▸ **TASK DESCRIPTION**
Could you print the listing again exactly, omitting the pictures?

▸ **DATA BELOW**
⁂

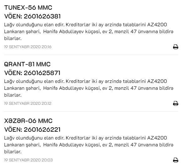 Azərbaycanda eyni hüquqi ünvanda dövlət qeydiyyatına alımış “Tunex-56”, “Qrant-81 və “Xəzər-06” MMC-lər ləğv olunduğunu elan edib.
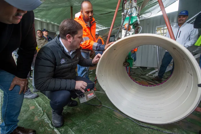 Mayor Geordin Hill-Lewis inspected progress on the major R539m Cape Flats Bulk Sewer upgrade currently under way to rehabilitate 28km of sewer pipeline serving more than 300 000 households, making this the largest project of its kind undertaken in South Africa. Picture: Armand Hough/African News Agency (ANA)
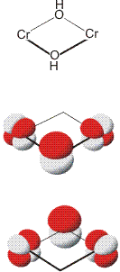 Der Frage „Bindung oder antiferromagnetische Kopplung?“ kann man sich besonders gut nähern, wenn Spezies in die Diskussion eingeschlossen werden, bei denen üblicherweise eine Bindung überhaupt nicht diskutiert wird. Ein Beispiel sind mehrkernige, oxido-verbrückte Chrom(III)-Spezies. Im folgenden soll ein Kation, in dem zwei Chrom-Atome in einem Abstand von ca. 3 Å vorliegen, auf mögliche Austauschpfade untersucht werden, um abschließend die Frage nach einer Cr-Cr-Bindung zu klären. Aufgrund der kinetischen Inertheit von Chrom(III)-Zentren gegenüber Ligandenaustauschreaktionen können hier Zwischenstufen auf dem Weg [Cr(H2O)6]3+ → Cr(OH)3 isoliert werden, die bei einem Zentralmetall wie Eisen oder Aluminium bislang nicht gefasst wurden. Ein Beispiel ist das [Cr2(OH)2(H2O)8]4+-Ion, für das eine Strukturanalyse vorliegt (Abb. auch als pdf):

⁂

▸ **TASK ANSWER**
 Azərbaycanda eyni hüquqi ünvanda dövlət qeydiyyatına alımış “Tunex-56”, “Qrant-81 və “Xəzər-06” MMC-lər ləğv olunduğunu elan edib.
 Mayor Geordin Hill-Lewis inspected progress on the major R539m Cape Flats Bulk Sewer upgrade currently under way to rehabilitate 28km of sewer pipeline serving more than 300 000 households, making this the largest project of its kind undertaken in South Africa. Picture: Armand Hough/African News Agency (ANA)
 Der Frage „Bindung oder antiferromagnetische Kopplung?“ kann man sich besonders gut nähern, wenn Spezies in die Diskussion eingeschlossen werden, bei denen üblicherweise eine Bindung überhaupt nicht diskutiert wird. Ein Beispiel sind mehrkernige, oxido-verbrückte Chrom(III)-Spezies. Im folgenden soll ein Kation, in dem zwei Chrom-Atome in einem Abstand von ca. 3 Å vorliegen, auf mögliche Austauschpfade untersucht werden, um abschließend die Frage nach einer Cr-Cr-Bindung zu klären. Aufgrund der kinetischen Inertheit von Chrom(III)-Zentren gegenüber Ligandenaustauschreaktionen können hier Zwischenstufen auf dem Weg [Cr(H2O)6]3+ → Cr(OH)3 isoliert werden, die bei einem Zentralmetall wie Eisen oder Aluminium bislang nicht gefasst wurden. Ein Beispiel ist das [Cr2(OH)2(H2O)8]4+-Ion, für das eine Strukturanalyse vorliegt (Abb. auch als pdf):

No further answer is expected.